_About this exercise:_
Could you reproduce every entry as it stands, leaving the pictures behind?

═══ Extracted data

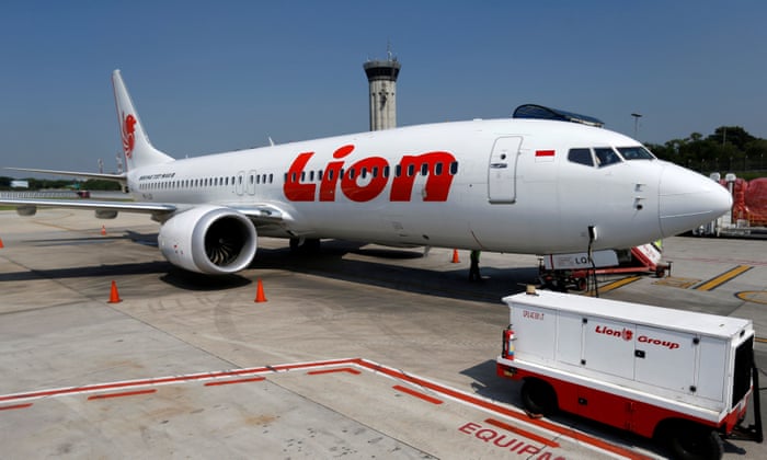 A Lion Air Boeing 737 Max 8 plane on the tarmac of Soekarno-Hatta airport near Jakarta. Photograph: Willy Kurniawan/Reuters
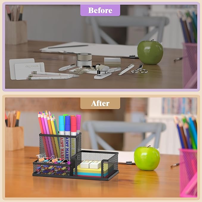 - [Reduces Clutter] This desk organizers provide enough storage space to accommodate your desk supplies and also ideal for organizing makeups and small household items. No installation needed, light material, portable, more than just your average desk pen holder.
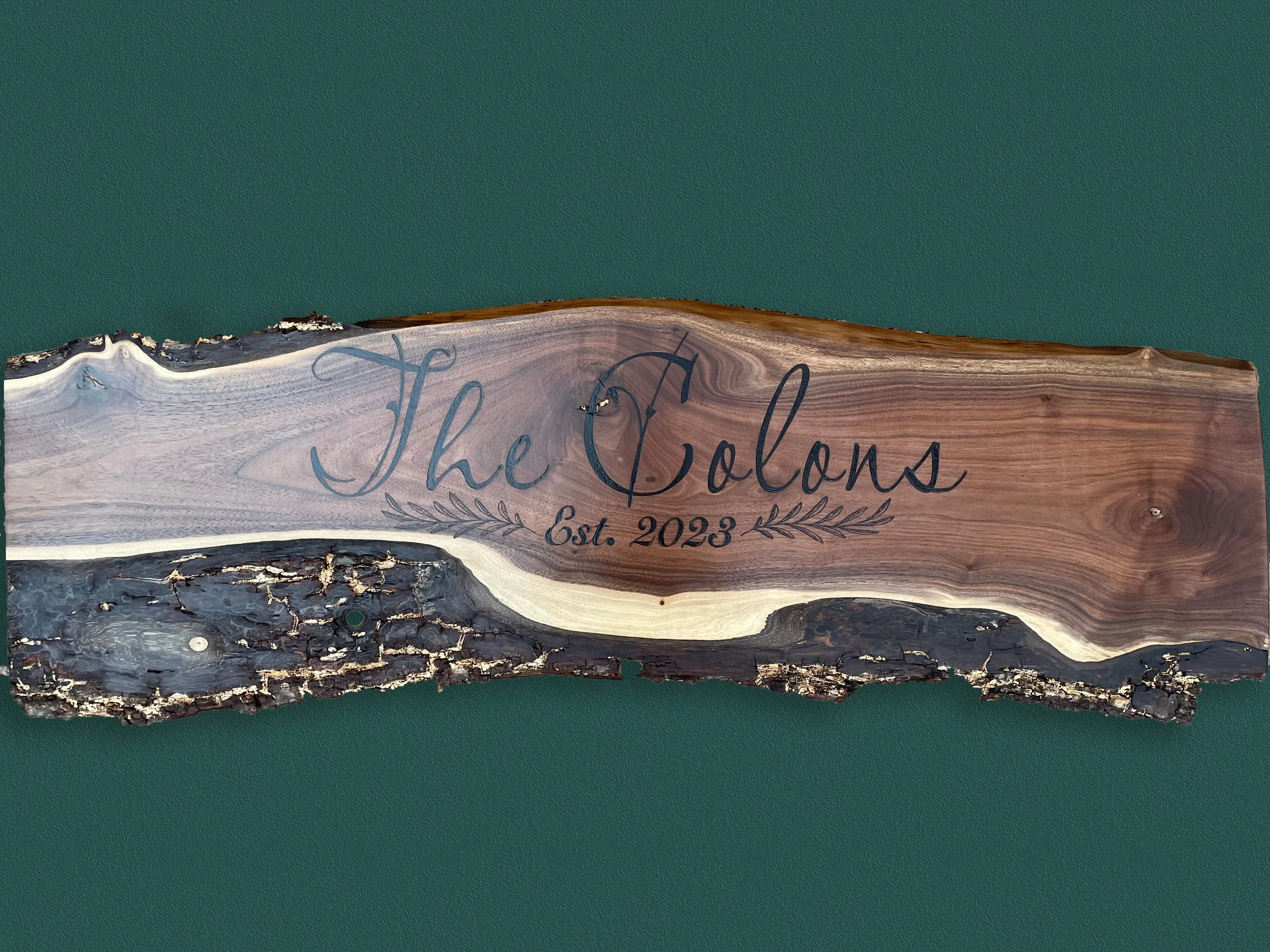 Wedding sign on live edge walnut. Wood-burned and gold leaf. about 48” in width
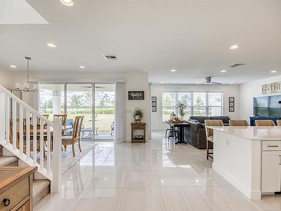 Enjoy breathtaking, unobstructed lake views and incredible sunsets from this bright and inviting 4BR/3BA home in the heart of Arden. Built in 2022, this home offers a screened in patio, a gourmet kitchen featuring a built-in gas range, double oven, quartz countertops, chef hood, and a large central island. The open-concept layout features a downstairs guest suite, and a spacious loft upstairs that can easily become a 5th bedroom. The primary suite includes two walk-in closets and a modern en-suite bathroom with dual vanities and granite counters. Relax on the covered lanai overlooking the lake with plenty of room to add a pool. Best of all, a brand-new elementary school is opening within walking distance next year, adding to Arden's long list of family-friendly amenities, trails, and
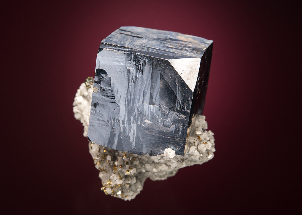 Here’s a true American classic, a single brilliant galena cube with slight octahedral modifications on a white dolomite matrix. A common mineral, but uncommon quality.
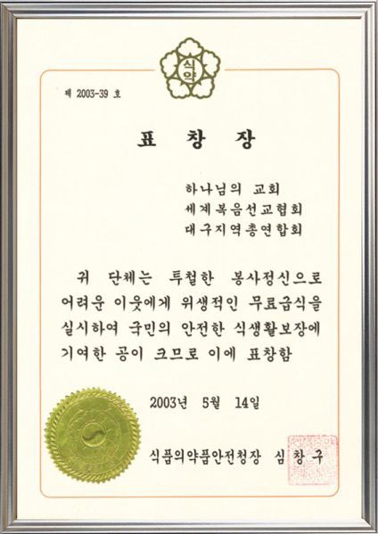File:하나님의 교회 대구지역총연합회-식품의약품안전청장 표창장.jpg
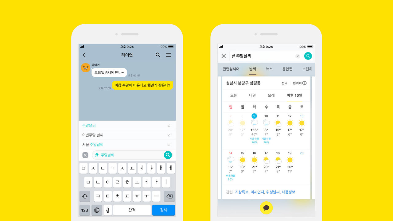 톡하다가 궁금하면 샵(#)검색! 오늘 뭐 먹지? 내일은 비가 올까? 대화 중에 바로 검색하고 공유
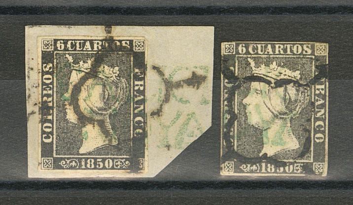 1, 1A. 1850. Set of two 6 cuartos black stamps (Type I and II), both with a mixed postmark: SPIDER, in black, and GALICIA / NOYA, in blue. MAGNIFICENT. Cert. GRAUS (type I).
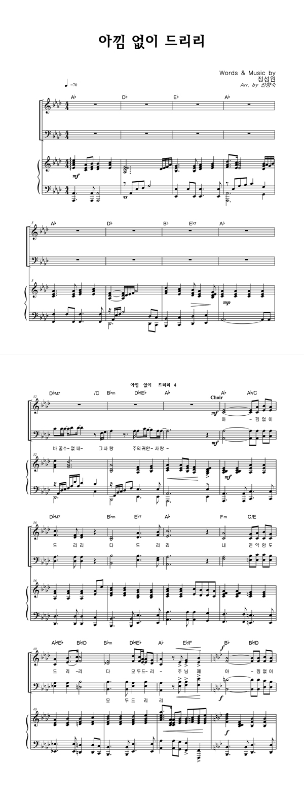 | 아낌 없이 드리리 | 4부 + 피아노 반주 |
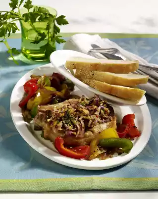 Clean, wash and roughly dice the peppers. Peel red onions and cut into strips. Wash parsley, shake dry, pluck leaves from the stalks and chop. Wash meat, dab dry, season with salt and pepper and turn in 2 tablespoons of flour.
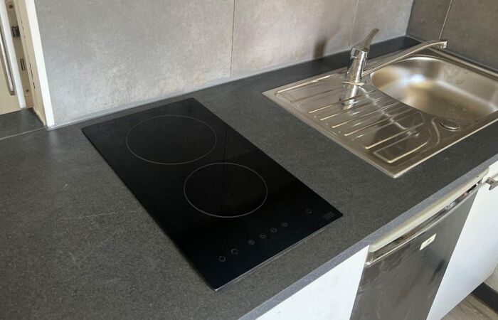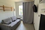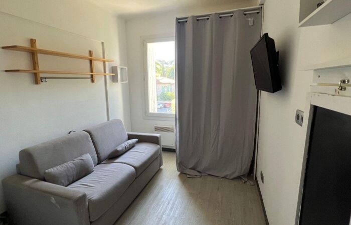 L'appartement se compose d'une petite entrée, d'une pièce à vivre avec un coin cuisine aménagé et équipé, d'un placard intégré, d'un canapé convertible pour le couchage et d'une salle de douches avec son toilette.

══════

_Task solution:_
 A Lion Air Boeing 737 Max 8 plane on the tarmac of Soekarno-Hatta airport near Jakarta. Photograph: Willy Kurniawan/Reuters
 - [Reduces Clutter] This desk organizers provide enough storage space to accommodate your desk supplies and also ideal for organizing makeups and small household items. No installation needed, light material, portable, more than just your average desk pen holder.
 Wedding sign on live edge walnut. Wood-burned and gold leaf. about 48” in width
 Enjoy breathtaking, unobstructed lake views and incredible sunsets from this bright and inviting 4BR/3BA home in the heart of Arden. Built in 2022, this home offers a screened in patio, a gourmet kitchen featuring a built-in gas range, double oven, quartz countertops, chef hood, and a large central island. The open-concept layout features a downstairs guest suite, and a spacious loft upstairs that can easily become a 5th bedroom. The primary suite includes two walk-in closets and a modern en-suite bathroom with dual vanities and granite counters. Relax on the covered lanai overlooking the lake with plenty of room to add a pool. Best of all, a brand-new elementary school is opening within walking distance next year, adding to Arden's long list of family-friendly amenities, trails, and
 Here’s a true American classic, a single brilliant galena cube with slight octahedral modifications on a white dolomite matrix. A common mineral, but uncommon quality.
File:하나님의 교회 대구지역총연합회-식품의약품안전청장 표창장.jpg
 톡하다가 궁금하면 샵(#)검색! 오늘 뭐 먹지? 내일은 비가 올까? 대화 중에 바로 검색하고 공유
 1, 1A. 1850. Set of two 6 cuartos black stamps (Type I and II), both with a mixed postmark: SPIDER, in black, and GALICIA / NOYA, in blue. MAGNIFICENT. Cert. GRAUS (type I).
 | 아낌 없이 드리리 | 4부 + 피아노 반주 |
 Clean, wash and roughly dice the peppers. Peel red onions and cut into strips. Wash parsley, shake dry, pluck leaves from the stalks and chop. Wash meat, dab dry, season with salt and pepper and turn in 2 tablespoons of flour.
 L'appartement se compose d'une petite entrée, d'une pièce à vivre avec un coin cuisine aménagé et équipé, d'un placard intégré, d'un canapé convertible pour le couchage et d'une salle de douches avec son toilette.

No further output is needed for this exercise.